With the flush, you are supposed to rid your system of all the nasty toxic stones that build up over the years. Gall bladder and liver stones are typically bright green and can be quite large. In a weird sadistic way, I was looking forward to seeing it all come out my body. So I waited... And waited... And waited. And literally nothing happened. So a short while later, I decided to head to the shops with Jo.
We arrived at St. Albans to find that we were so early the shops hadn’t opened yet. I thought this would never ever happen to me, and took it as a sign that I’m getting old. We headed to Pret, where I eased myself in to eating like a normal human being again with a green smoothie.

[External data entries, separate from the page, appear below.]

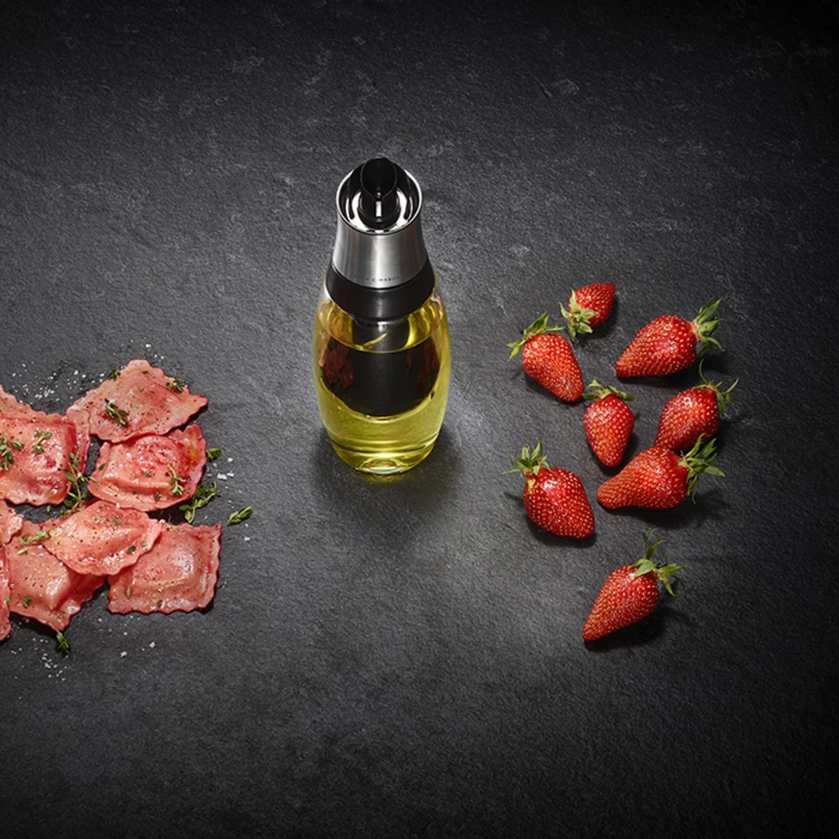 Pratique, cette jolie bouteille Duo huile et vinaigre est muni d’un bouchon Flow Control.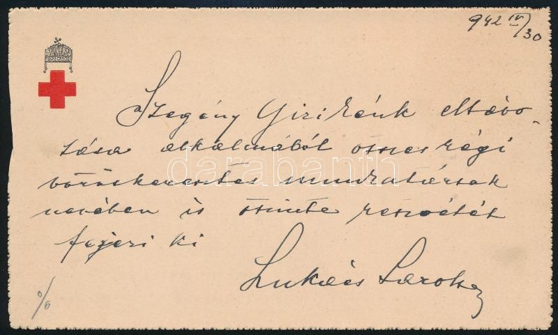 1942 Lukács Sarolta a M. Vöröskereszt alelnökének saját kezű levele és... https://www.darabanth.com/hu/425-Gyorsarveres/425.0/Mutargy-papirregiseg-egyeb/Alairas~500021/1942-Lukacs-Sarolta-a-M-Voroskereszt-alelnokenek-sajat-kezu-levele-es-alairasa~II2711570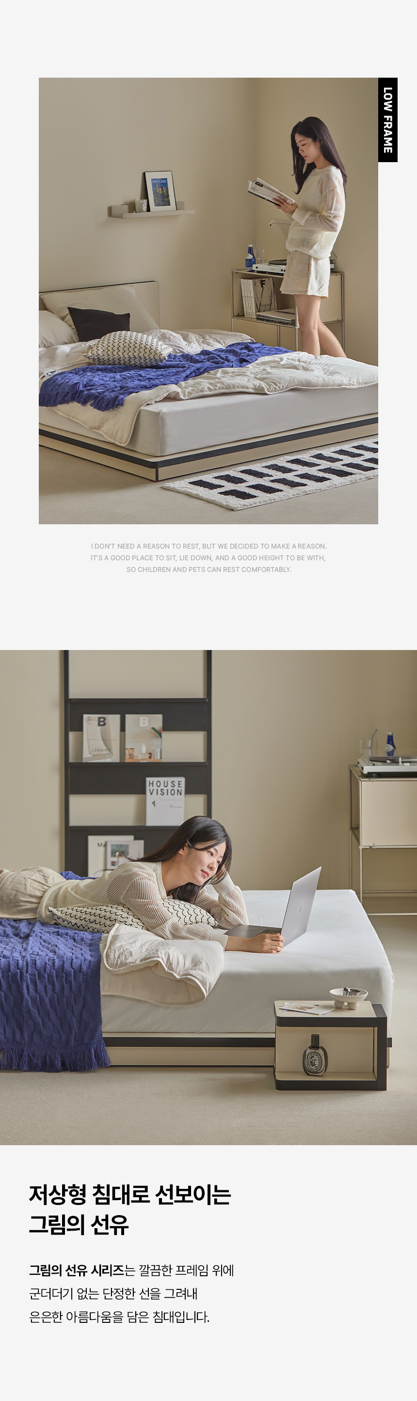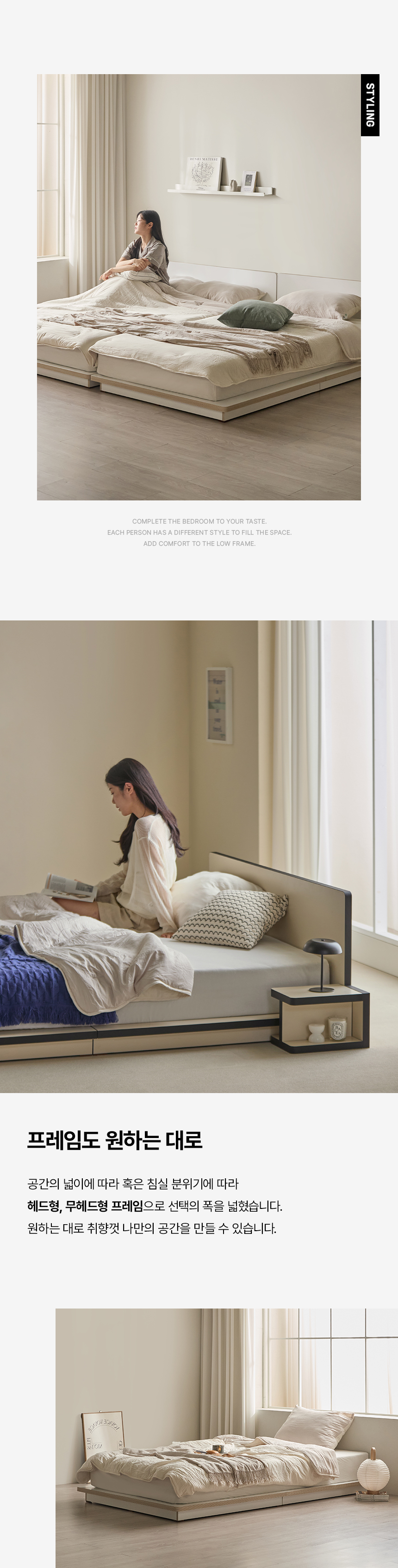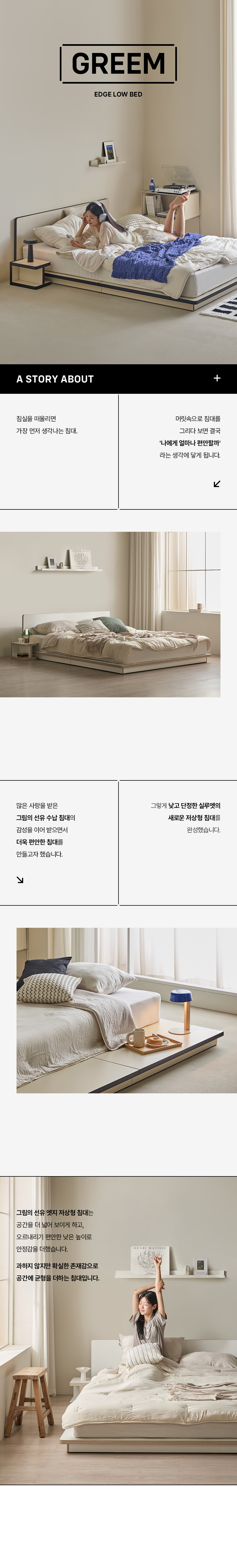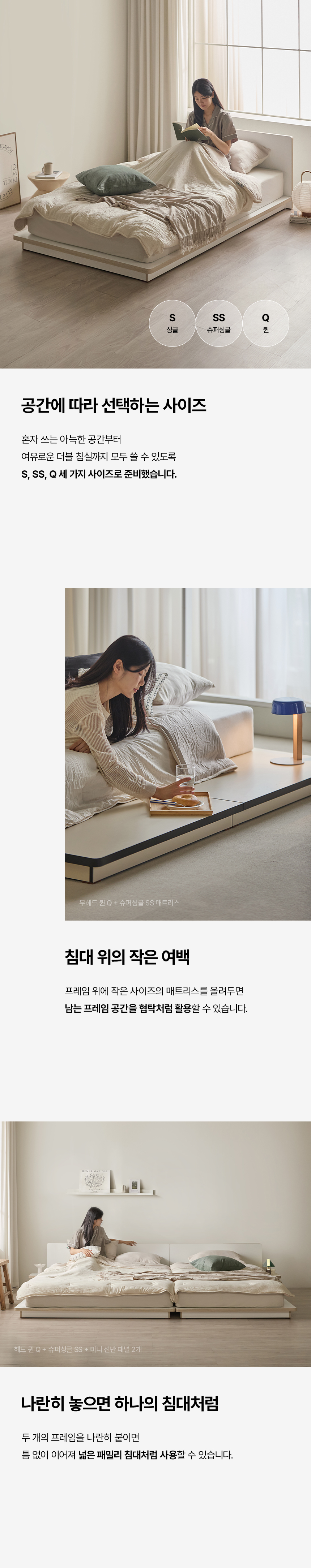 이미지 확대보기그림의 선유 자작나무 엣지 무헤드 저상형 침대 프레임 S/SS/Q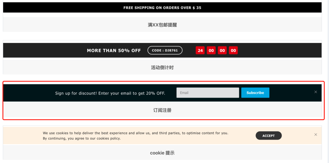 结账页面后显示“谢谢”并没有太多价值。店小匠建议可以设置成为再一次的注册邀请,设定账号密码后可获得优惠券或一些订单追踪、优先购买等会员福利。在这种方法下,新用户选择创建账户的比例通常超过75%。店小匠提示,当你为那些新注册的消费者提供优惠券时,可以限制“下次订单时可使用”或“在未不久的某一时间段内使用”,促使消费者复购。大多数卖家一想到购买注册登陆界面都会想到占据屏幕中央、显眼的弹窗样式。为了避免消费者对这类弹窗的反感,大家也可以尝试其他的弹窗样式:Shoplazza店匠 为大家提供了这些其他选择,用不同的形式达到收集消费者信息的相同目的,同时避免引起消费者反感,解决运营人员的烦恼。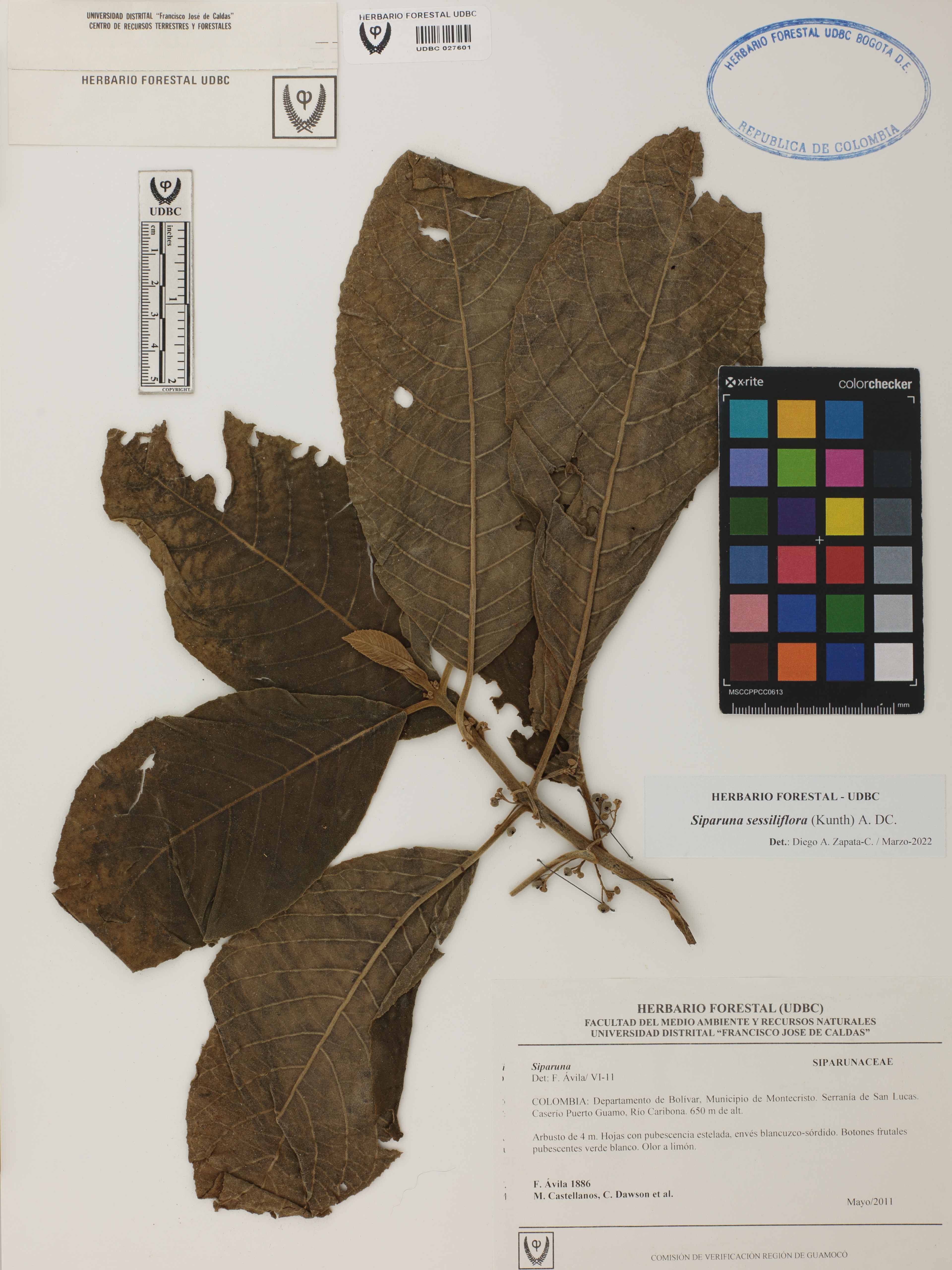 Fotografía del ejemplar Ávila, F. 1886, determinado como Siparuna sessiliflora en el año 2022

After successfully killing the required amount of time, we headed to Marks & Spencers. A few steps into the shop I began to feel a bit strange. And then it all happened really fast. I needed the toilet so suddenly and so urgently that I thought I might just soil myself on the shop floor. Thank the lord for the M&S cafe and adjacent toilet facilities. I informed Jo where I was going with panic-stricken wide eyes and sprinted up the escalators.
Now, I am not Gillian McKeith. I don’t care how much your poo says about you, it is made for flushing, not examining. However, on this occasion, I made an exception. And I could just about make out a few little green stones. Not as many as I was expecting, but at least it was something.
I headed back down and joined Jo again. And then we shopped for a couple of hours with no drama. The rest of the day went on as normal, and I tried not to be disappointed that I’d gone to all that effort for a measly few stones. Seriously, thinking back to the horror show of olive oil and grapefruit makes me so angry. Plus I starved myself for half a day. And got next to nothing to show for it.
Then again, our bodies are designed to naturally detox themselves, so you could argue that mine is doing a pretty good job. I’ve put my body through it’s paces over the years, and although it’s given me increasingly dreadful hangovers in return, I guess it ultimately has my back. Maybe I should just stop fucking around with it.